Todays discussion will be about the correction of astigmatism by glasses
The general rules for correction of astigmatism are:
1)you can fully correct astigmatism in children.
2)if not worn before do not fully correct above 10 yrs.
3)avoid introducing cylinder for the first time above 40.

4)generally do not make big cylinder changes in power all the time (0.5-1.0 max).
5)even for axes do not make more than 15 degree changes if wrong axis worn for a long time.
6)you can always use the rule of spherical equivalent to put the circle of least confusion on the retina with acceptable vision.
7)simple astigmatics see better than the corresponding errors because one focal line is on the retina.
8)you can have meridional amblyopia when testing optotypes in astigmatics.
9)sometimes the correction of astigmatism is much more tiring to the patient than the astigmatism itself.

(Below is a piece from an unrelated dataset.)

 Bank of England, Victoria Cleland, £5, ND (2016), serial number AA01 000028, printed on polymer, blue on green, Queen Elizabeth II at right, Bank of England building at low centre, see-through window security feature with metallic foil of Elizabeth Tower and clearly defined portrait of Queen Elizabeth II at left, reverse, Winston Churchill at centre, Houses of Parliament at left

10)if your patient sees 6/6-6/12 use the cross cylinder to refine the cylinder power and axis for those wearing sharp glasses before.
Lets work out some examples
*An 18 year female has cyclorefraction of
-3.0×90 OU and needs best possible vision what will you prescribe?
1)i will under correct cylinder and there are 2 ways.
-change cylinder by 1.0 D at a time.
-give 50% of the cylinder.
2)in this example it is acceptable to give -1.0/-1.5 C (according to patient personality and style of life).
3)if you give -1.0 Cx90, the remaining 2.0 cyl have a spherical eq of -1.0, so her prescription for best vision
-1.0/-1.0×90 or -0.5/-1.5×90 if you use the 50% rule.
* a 40 yr male never worn glasses with refraction +1.0/+2.0/180
1)we will not prescribe cylinder or max 0.5.
2)SE is +2.0 then apply rules of hypermetropia
*a 5 yr old with ref
+2.0/+3.0×180 OD
+1.0/+4.0×180 OS
1)fully correct the cylinder
2)OD now +2.0 S, he may not be able to relax accommodation so you can give -1.0
Presc -1.0/+3.0×180
If u prefer minus C transpose
+2.0/-3.0×90.
3)OS -2.0/+4.0×180
Transpose
+2.0/-4.0×90.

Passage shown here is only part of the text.